The `csv` module is intended to handle files containing comma-separated data. Such data is sourced
by many different utilities, not all of which correctly observe specifications. I found one such
file in my own data, a list of videos.

In [None]:
import csv

In [None]:
reader = csv.reader(open("data/videos.txt", "r"))
reader

In [None]:
next(reader)

As you might spot, there are some very funny things going on in this file.
Let's take a look at the first few lines of data.

In [None]:
open("data/videos.txt", "r").readlines()[:5]

The issue here is the spaces that follow the commas intended to separate the fields.
This is causing the following double-quote to _not_ be treated as a field delimiter.

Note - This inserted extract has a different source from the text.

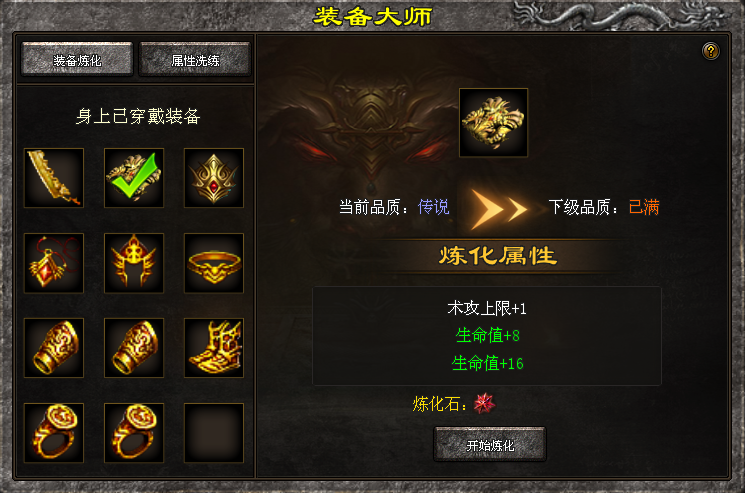 炼化后的装备可在此功能内进行重新洗炼,每次洗炼都将自动清除原有属性,覆盖新的洗炼属性。

The `csv` module allows you to define _dialects_, which affect how the file is interpreted.
Since this is a very simple issue, however, I chose instead to create a object that could
be used instead of the file, masking the defects of the original data.

Python's `io` module defines the `BytesIO` object, essentially an in-memory replacement for the binary file.
Below I create one by concatenating all the lines of the input file after removing the space in
any occurrence of the sequence `'", "'`, rendering it `'","'` instead.
Note, however, that this operation should really be a string operation.

In [None]:
from io import BytesIO

In [None]:
file = open("data/videos.txt", "r")
newfile = BytesIO("".join(line.replace('", "', '","') for line in file))

Rewinding the `StringIO` to the beginning of its content with the `.seek()` method allows
you to use it as the argument when creating a new `csv.reader ` object.
Iterating over that object shows the data being interpreted correctly

In [None]:
newfile.seek(0)
list(t for t in csv.reader(newfile))